The best cyclical companies have a way of achieving higher lows and higher highs. In other words, each subsequent downturn isn't as bad as prior slowdowns, and record gains are achieved during expansion periods. Limiting losses during a slowdown while capturing upside during an expansion is easier said than done. But Home Depot is doing that right before our eyes.

After taking into account the extra week in fiscal 2024 compared to fiscal 2023, Home Depot's 2024 guidance calls for 1% lower sales and diluted EPS. So the stage is already set for a weak year. But not a down year.

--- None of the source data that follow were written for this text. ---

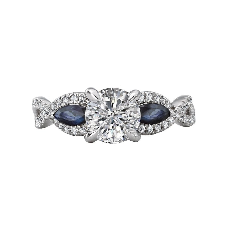 Elevate your proposal with this stunning high polished 14kt white gold engagement ring. It features brilliant cut diamonds gently surrounding marquise sapphires and a claw prong center setting that will accommodate a round 6.5mm diamond of your choosing. This timeless piece (D 1/5cw, S 3/8 gw) is from the elegant Orbelle 14K collection, making it a perfect symbol of your enduring love.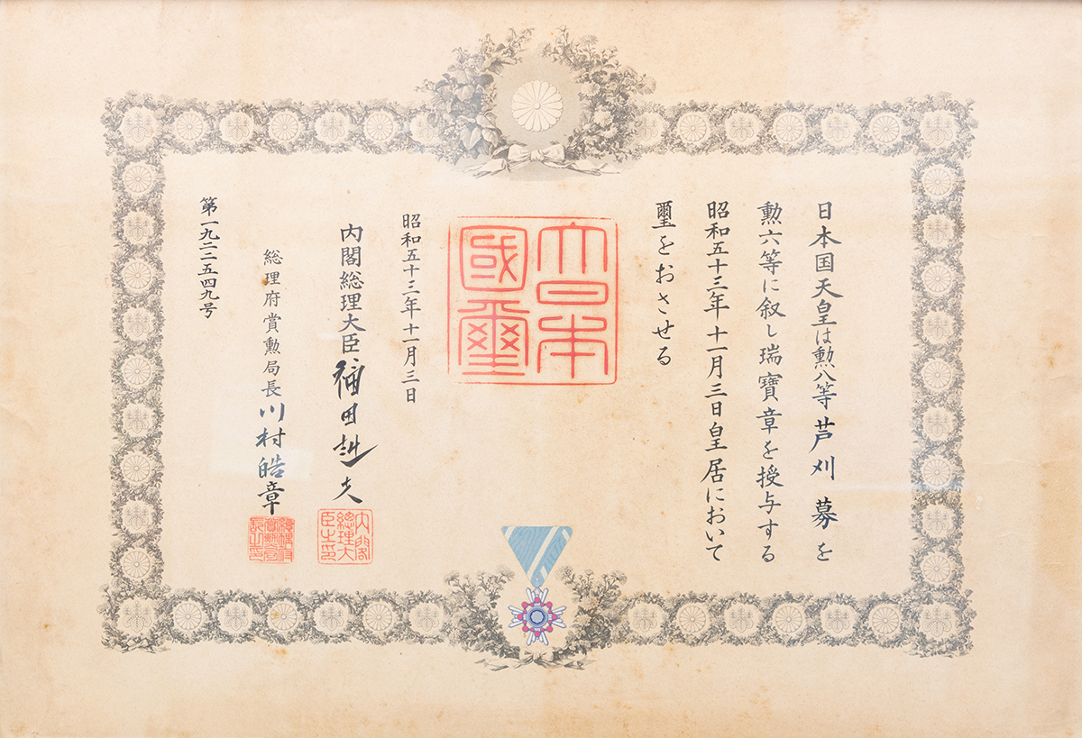 | 昭和53年11月3日 | 芦刈 募 勲六等瑞宝章授章 |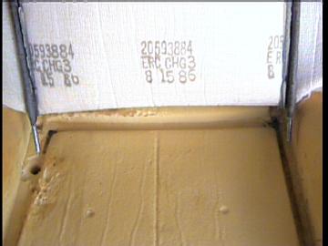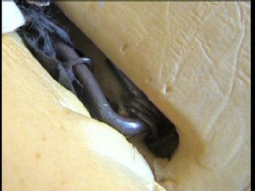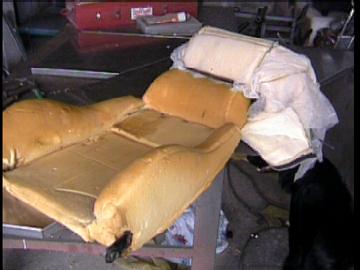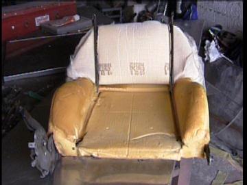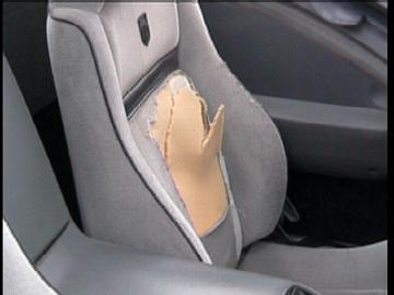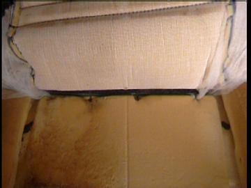 My damaged seat...after a dear friend decided to "just sit behind the wheel to see..." He had one of those belts on, with riveted-on chrome designs.Of course, he put his bum against the seat back, and just slid down!!! "What was that noise ?" he said "Sounded like somebody f*rted!!" I nearly did when he got out again and saw this!!!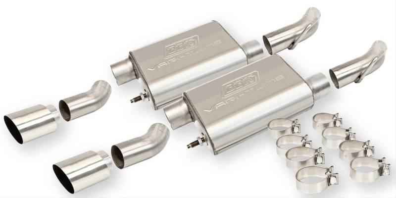 2010-2015 CAMARO SS 6.2L VARITUNE AXLE BACK EXHAUST KIT (439 STAINLESS) These new BBK Varitune axle back exhaust systems feature BBK Varitune mufflers that have a patented adjustable power valve inside that allows full adjustment of the exhaust flow through the mufflers chambers for a great sound and added performance. This adjustment is made at the rear of the muffler with a wrench by either moving the valve in or out. Once you are happy with the level of sound, it is locked in place with the Varitune locking nut. All of the Varitune power valves are made with stainless steel for lasting durability and smooth operation. These patented BBK Varitune exhaust systems allow you to personalize the power and sound levels of your car 8-10 decibels and 10-15 horsepower. All kits are available in 439 stainless steel and are offered as direct bolt on replacements for the restrictive factory exhaust. Every Varitune exhaust kit includes BBK Varitune laser etched logo 4" brushed stainless steel tips for impressive looks. Fits - 2010-2015 Camaro SS 6.2L LS3 & L99 Coupe Only 439 Stainless - Fully Adjustable Varitune Mufflers Add Great Sound And Performance - 4 inch Brushed Tips

When we think of a slowdown, it's usually negative growth, not flat growth. In the company's upcoming earnings release and annual meeting of shareholders, investors should listen for signs of how the slowdown is progressing, what Home Depot is doing about it, how it plans to integrate its recent acquisitions, and if these acquisitions can contribute to the bottom line and limit the damage of the slowdown. It's also worth monitoring Home Depot's continued emphasis on professionals and its e-commerce business.

A results-driven stock

There are plenty of reasons a stock can go up, such as investor optimism, faster growth, or better business prospects. But arguably the most justified increase in a stock is if earnings rise. If a business makes more money, it should be worth more. And that's exactly what has happened to Home Depot.

Over the last five years, the stock is up 63%, and diluted earnings per share (EPS) are up 50%. Over the last decade, the stock price has also grown faster than earnings, but the dividend is up even more.

HD Chart

HD data by YCharts

If a stock price and earnings are growing at roughly the same rate, the stock's valuation from a price-to-earnings (P/E) ratio perspective should also be roughly the same. And sure enough, Home Depot's current 23 P/E is nearly identical to its 10-year median P/E of 22.7.

Results-driven stocks can be a double-edged sword. If the company can grow earnings and the dividend over time, it will compound gains for shareholders. But when earnings stall, like they are for Home Depot right now, then the stock could also languish and underperform the broader market. This dynamic may keep some investors on the sidelines for the time being.

Home Depot is the perfect stock for patient investors

Investors shouldn't expect Home Depot to skyrocket anytime soon. But the good news is that Home Depot is a great value, it has a sizable 2.7% dividend yield that pays patient investors to hold the stock, and it's making the internal investments and acquisitions to sustain growth over the long term.

A quality dividend-paying company is able to raise its payout because of higher earnings. Even though its earnings have flatlined, Home Depot still has a payout ratio of just 55.4%. A healthy payout ratio leaves room to raise the dividend and shows that the expense is manageable.

The upcoming earnings release and annual meeting should provide excellent insight into the duration and severity of the slowdown. But ultimately, the long-term performance of Home Depot should continue to follow the trajectory of its earnings.

Home Depot is a no-brainer dividend stock to buy now. It has the brand power and market position to foster value, income, and growth for shareholders. But don't be surprised if the stock remains under pressure in the short term.